◆ **Prompt**: Here the job is to transcribe only the lines from the one containing "정리하자면, 케이프코럴은 인간이" through the last line below, exactly as written; please leave out pictures.

◆ **Extracted data entries**:
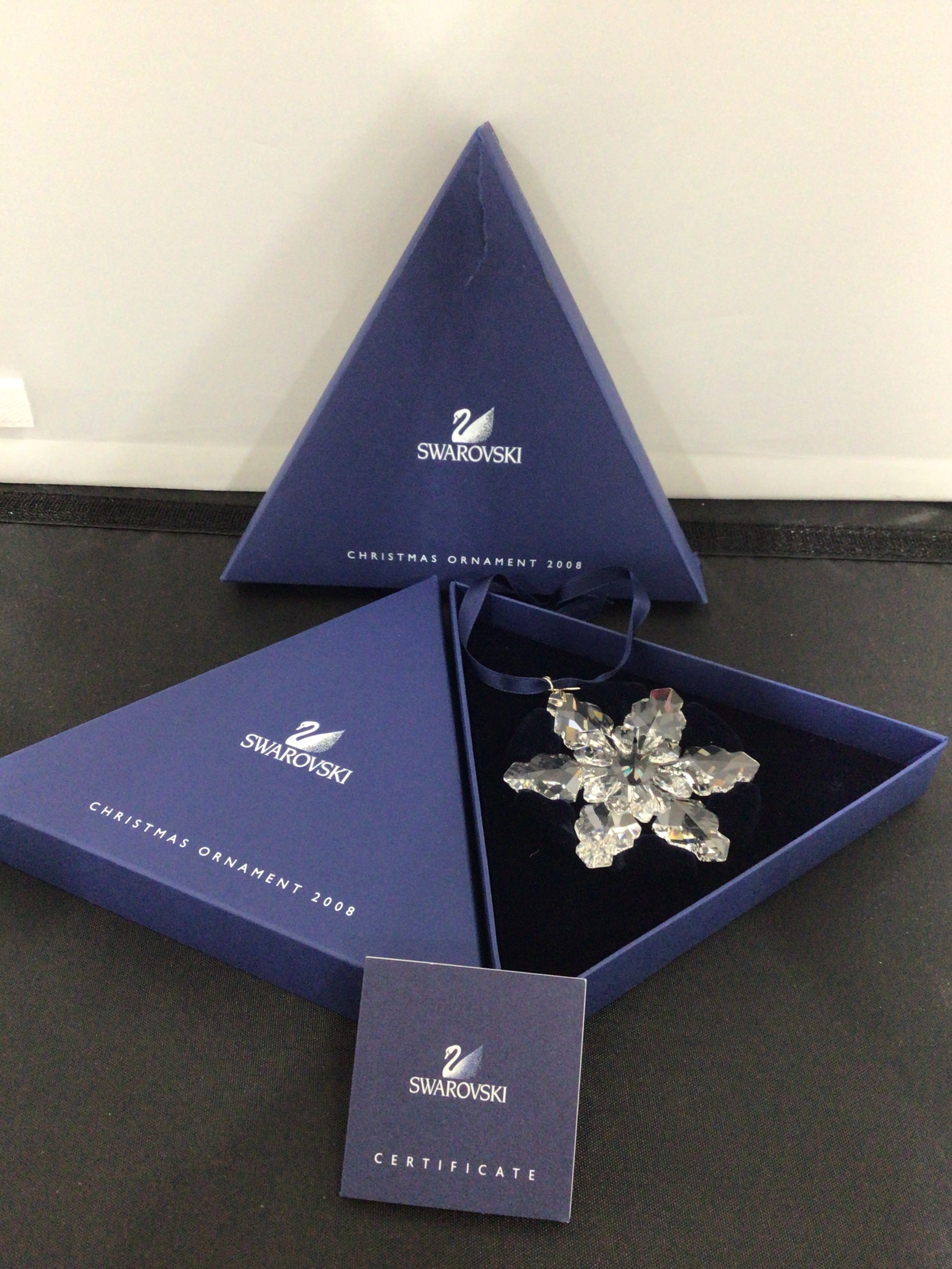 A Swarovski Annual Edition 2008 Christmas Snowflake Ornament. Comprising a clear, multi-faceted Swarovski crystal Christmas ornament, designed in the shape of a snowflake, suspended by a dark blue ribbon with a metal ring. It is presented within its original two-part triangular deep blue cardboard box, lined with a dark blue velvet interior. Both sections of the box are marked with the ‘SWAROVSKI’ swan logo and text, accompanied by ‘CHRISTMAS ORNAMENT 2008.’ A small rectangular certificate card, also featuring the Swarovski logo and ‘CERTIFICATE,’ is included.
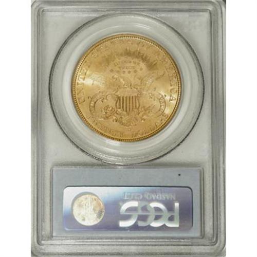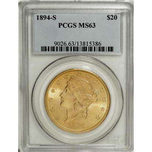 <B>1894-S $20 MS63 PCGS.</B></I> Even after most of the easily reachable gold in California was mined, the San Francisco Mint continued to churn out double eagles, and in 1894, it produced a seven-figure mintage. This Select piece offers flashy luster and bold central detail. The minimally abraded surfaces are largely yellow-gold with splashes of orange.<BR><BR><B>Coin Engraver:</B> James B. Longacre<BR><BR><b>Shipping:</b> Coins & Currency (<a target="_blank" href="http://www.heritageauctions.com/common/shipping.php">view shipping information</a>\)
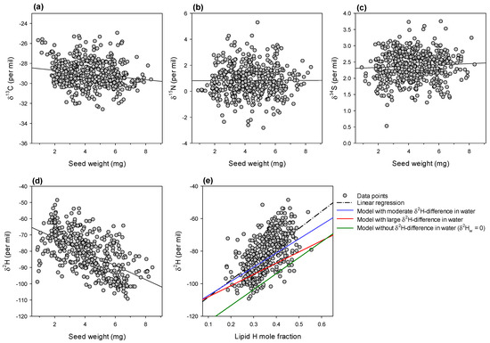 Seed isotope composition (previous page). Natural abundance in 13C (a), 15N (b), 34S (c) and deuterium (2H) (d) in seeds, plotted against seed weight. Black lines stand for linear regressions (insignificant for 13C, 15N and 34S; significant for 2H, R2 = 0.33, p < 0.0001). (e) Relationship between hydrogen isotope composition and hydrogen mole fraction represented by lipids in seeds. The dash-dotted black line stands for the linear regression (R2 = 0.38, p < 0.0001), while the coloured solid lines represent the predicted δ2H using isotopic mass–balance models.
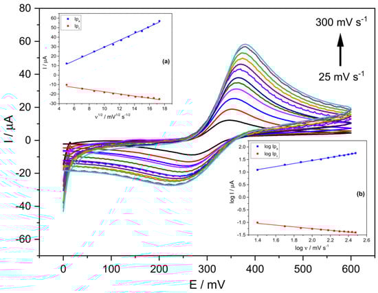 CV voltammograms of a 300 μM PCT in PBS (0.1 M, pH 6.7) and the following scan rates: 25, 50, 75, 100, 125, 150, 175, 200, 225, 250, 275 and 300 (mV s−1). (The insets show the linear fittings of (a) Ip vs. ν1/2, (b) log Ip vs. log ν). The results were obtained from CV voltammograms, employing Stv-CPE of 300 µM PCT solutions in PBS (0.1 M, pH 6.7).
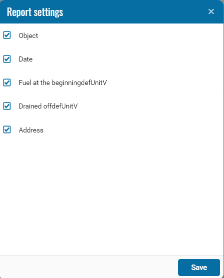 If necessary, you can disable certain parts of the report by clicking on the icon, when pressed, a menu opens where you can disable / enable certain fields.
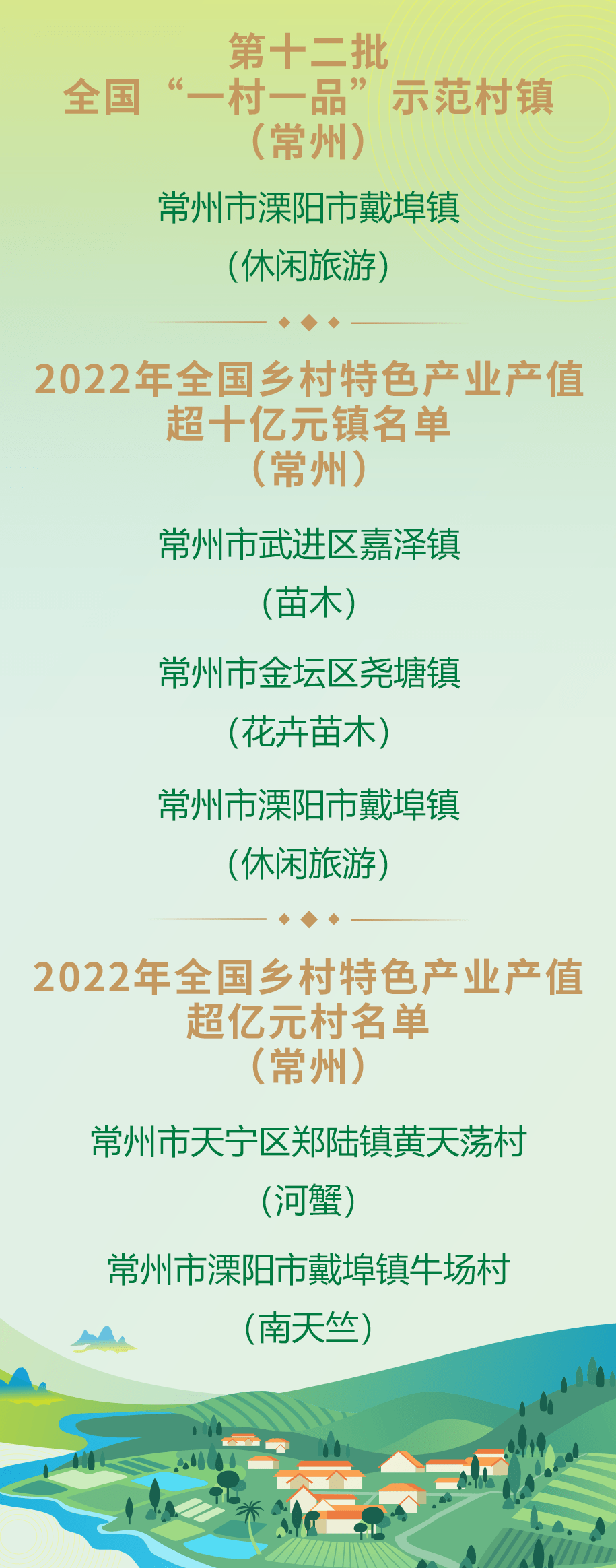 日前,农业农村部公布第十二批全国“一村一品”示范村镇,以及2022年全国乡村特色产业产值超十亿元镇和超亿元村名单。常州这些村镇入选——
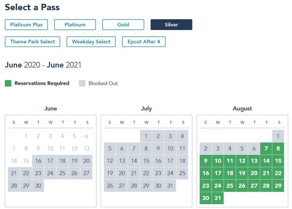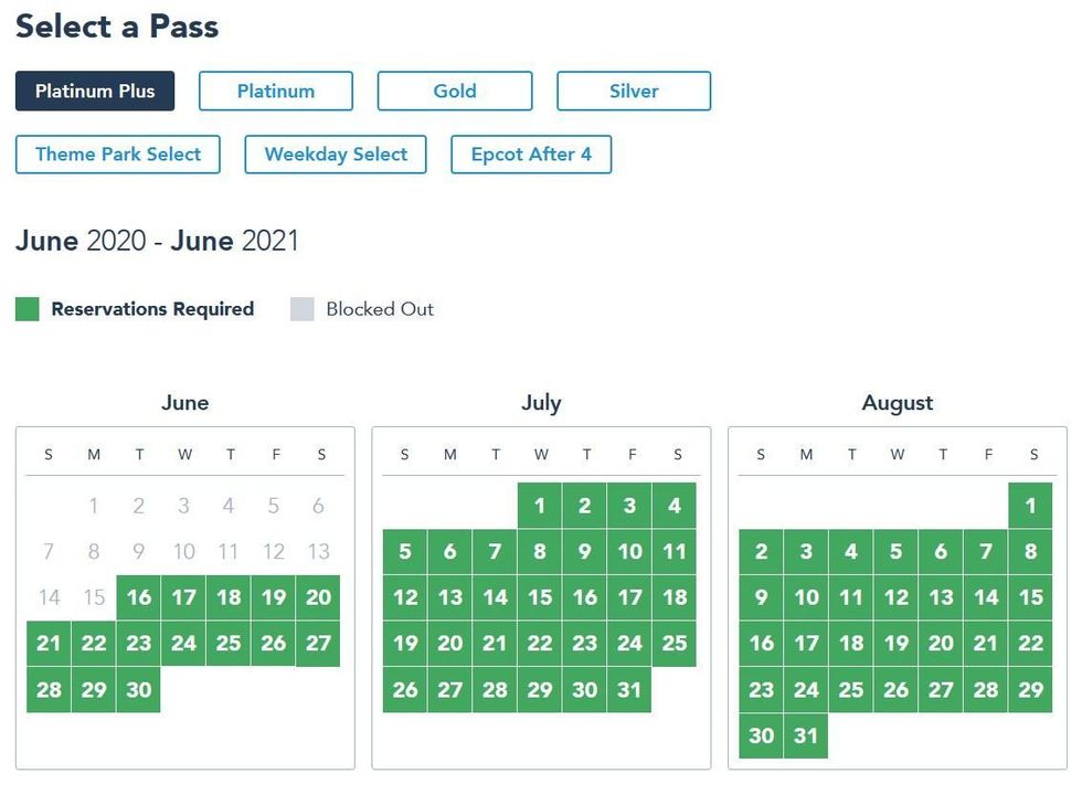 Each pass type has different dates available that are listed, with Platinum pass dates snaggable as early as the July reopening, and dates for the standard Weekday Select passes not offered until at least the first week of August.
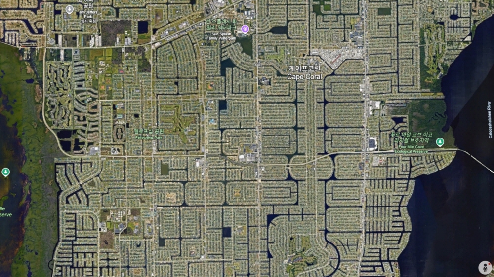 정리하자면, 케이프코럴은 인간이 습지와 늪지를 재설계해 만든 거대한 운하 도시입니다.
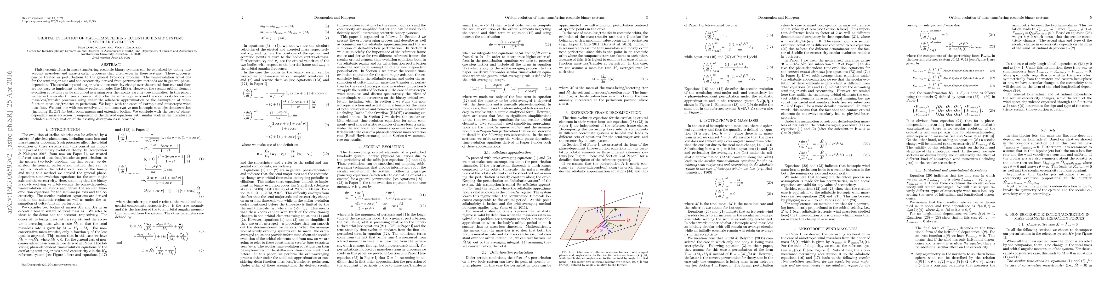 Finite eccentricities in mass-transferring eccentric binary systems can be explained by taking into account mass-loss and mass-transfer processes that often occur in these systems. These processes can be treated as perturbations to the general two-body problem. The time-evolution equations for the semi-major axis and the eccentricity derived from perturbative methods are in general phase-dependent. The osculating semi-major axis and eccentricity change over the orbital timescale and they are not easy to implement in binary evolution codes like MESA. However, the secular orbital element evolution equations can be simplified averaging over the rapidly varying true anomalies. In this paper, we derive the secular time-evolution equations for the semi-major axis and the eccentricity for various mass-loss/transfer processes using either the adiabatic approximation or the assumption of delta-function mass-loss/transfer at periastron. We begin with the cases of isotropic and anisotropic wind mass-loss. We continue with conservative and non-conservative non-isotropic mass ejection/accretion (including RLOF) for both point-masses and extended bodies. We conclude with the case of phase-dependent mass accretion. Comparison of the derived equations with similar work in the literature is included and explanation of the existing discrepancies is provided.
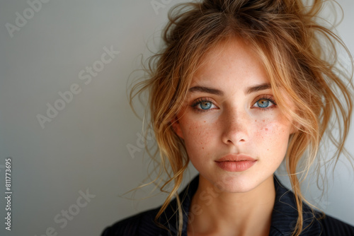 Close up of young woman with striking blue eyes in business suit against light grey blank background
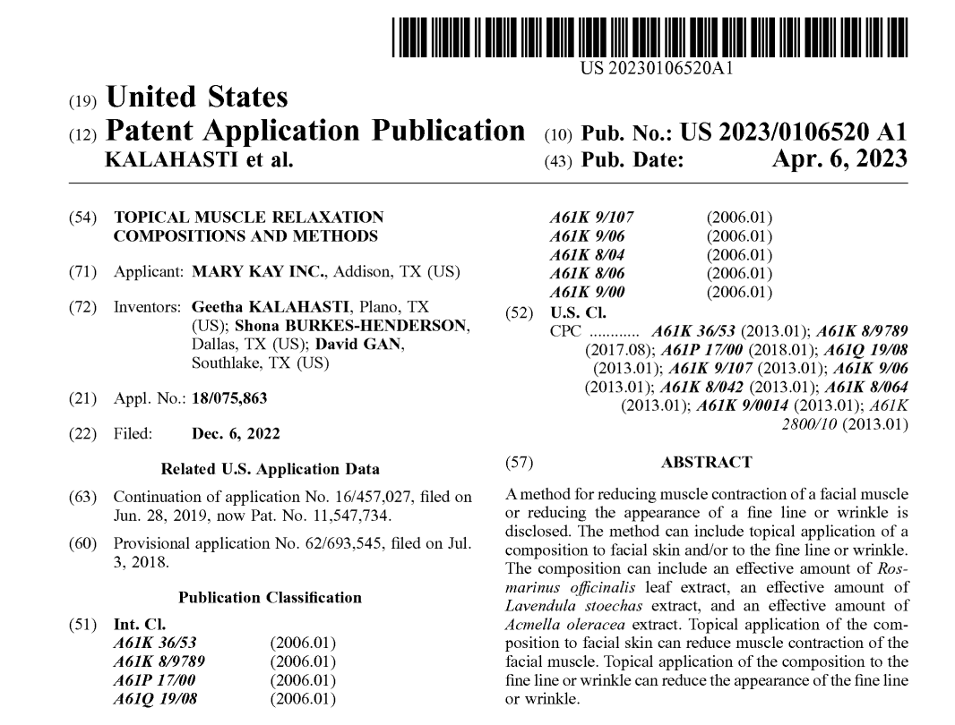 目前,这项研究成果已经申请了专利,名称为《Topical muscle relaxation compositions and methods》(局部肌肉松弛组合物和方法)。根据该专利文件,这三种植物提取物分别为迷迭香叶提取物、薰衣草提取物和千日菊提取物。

◆ **Response to this task**:
 정리하자면, 케이프코럴은 인간이 습지와 늪지를 재설계해 만든 거대한 운하 도시입니다.
 Finite eccentricities in mass-transferring eccentric binary systems can be explained by taking into account mass-loss and mass-transfer processes that often occur in these systems. These processes can be treated as perturbations to the general two-body problem. The time-evolution equations for the semi-major axis and the eccentricity derived from perturbative methods are in general phase-dependent. The osculating semi-major axis and eccentricity change over the orbital timescale and they are not easy to implement in binary evolution codes like MESA. However, the secular orbital element evolution equations can be simplified averaging over the rapidly varying true anomalies. In this paper, we derive the secular time-evolution equations for the semi-major axis and the eccentricity for various mass-loss/transfer processes using either the adiabatic approximation or the assumption of delta-function mass-loss/transfer at periastron. We begin with the cases of isotropic and anisotropic wind mass-loss. We continue with conservative and non-conservative non-isotropic mass ejection/accretion (including RLOF) for both point-masses and extended bodies. We conclude with the case of phase-dependent mass accretion. Comparison of the derived equations with similar work in the literature is included and explanation of the existing discrepancies is provided.
 Close up of young woman with striking blue eyes in business suit against light grey blank background
 目前,这项研究成果已经申请了专利,名称为《Topical muscle relaxation compositions and methods》(局部肌肉松弛组合物和方法)。根据该专利文件,这三种植物提取物分别为迷迭香叶提取物、薰衣草提取物和千日菊提取物。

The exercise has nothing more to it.